Cooling Anesthesia for Intravitreal Injection: Results of the Prospective Open-Label, Dose-Ranging COOL-1 Trial

Daniel L. Chao, Nicolas T. Rinella, Arshad M. Khanani, Charles C. Wykoff, Gun Ho Kim

Research output: Contribution to journalArticlepeer-review

4 Scopus citations

Abstract

Purpose: To evaluate the safety and efficacy of a novel medical device to provide cooling anesthesia to the eye as local anesthesia for intravitreal injections. Study Design: First in human, open-label study of 43 subjects assessed at three different doses: −10°C for 20 seconds (group 1), −15°C for 15 seconds (group 2), and −15°C for 20 seconds (group 3). Main outcome measures were safety and pain of injection using a numeric rating scale (NRS). Results: Cooling anesthesia did not result in any serious ocular adverse events. One grade 1 adverse event was a vasovagal response during cooling administration which resolved immediately after cooling.
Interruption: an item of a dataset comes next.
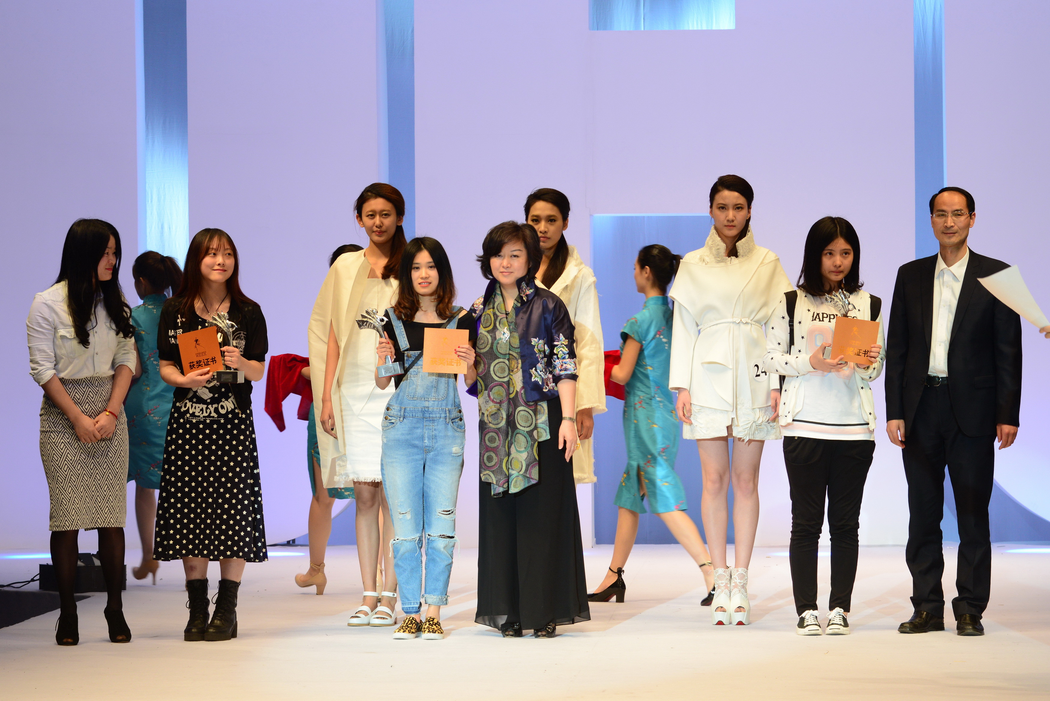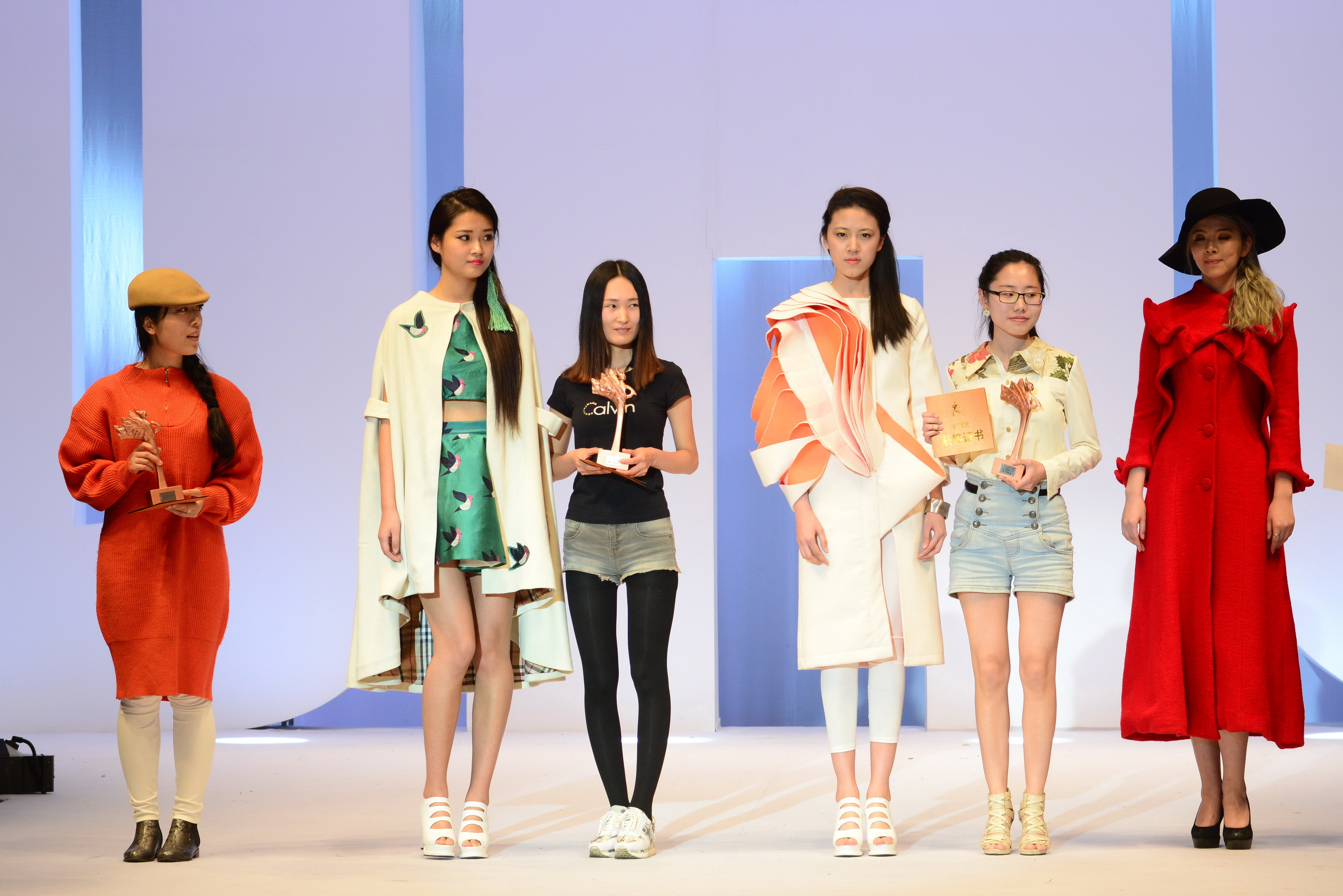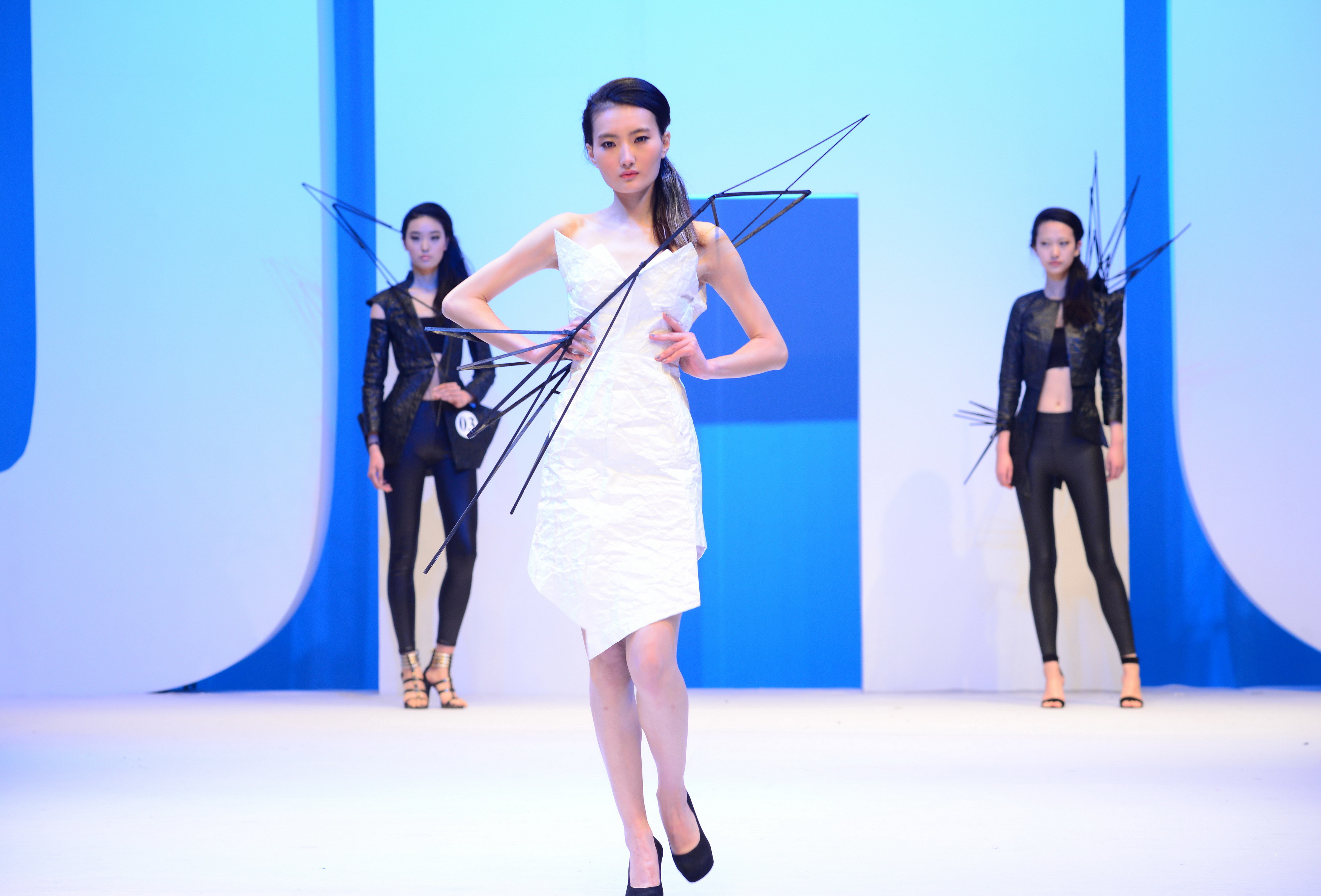 走秀结束,随之而来的是紧张的评分环节。一段服装•艺术设计学院介绍VCR播放后,获奖名单最终揭晓¬——立裁技术精英铜奖获得者:来自苏州大学的3号选手胡小燕,“裁出心衣”设计铜奖获得者:来自JKF 捷克论坛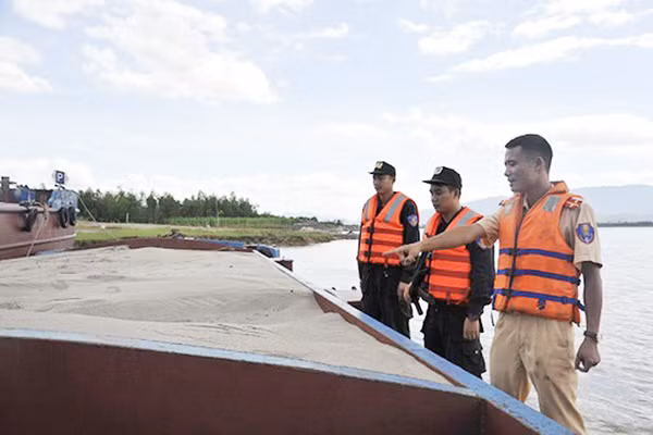 Lực lượng Cảnh sát đường thủy CATP Hà Nội bắt giữ một tàu khai thác cát trái phép

Mean NRS scores at the time of injection for each group ranged from 2.5 to 4.3 There was a statistically significant difference between pain scores of the 3 groups at injection in aggregate but not in pairwise comparisons (P value = 0.047). There was a statistically significant decrease in pain from injection to 5 minutes post injection in all groups (P value = 0.00008, 0.003, 0.0005 for groups 1, 2, 3, respectively) as well as from 5 minutes to 24–48 hours (P value = 0.00001, 0.018, and 0.0545 for groups 1, 2, 3, respectively). Conclusion: The rapid cooling anesthesia device was well tolerated for achieving local anesthesia among patients receiving intravitreal injections with no serious ocular adverse events.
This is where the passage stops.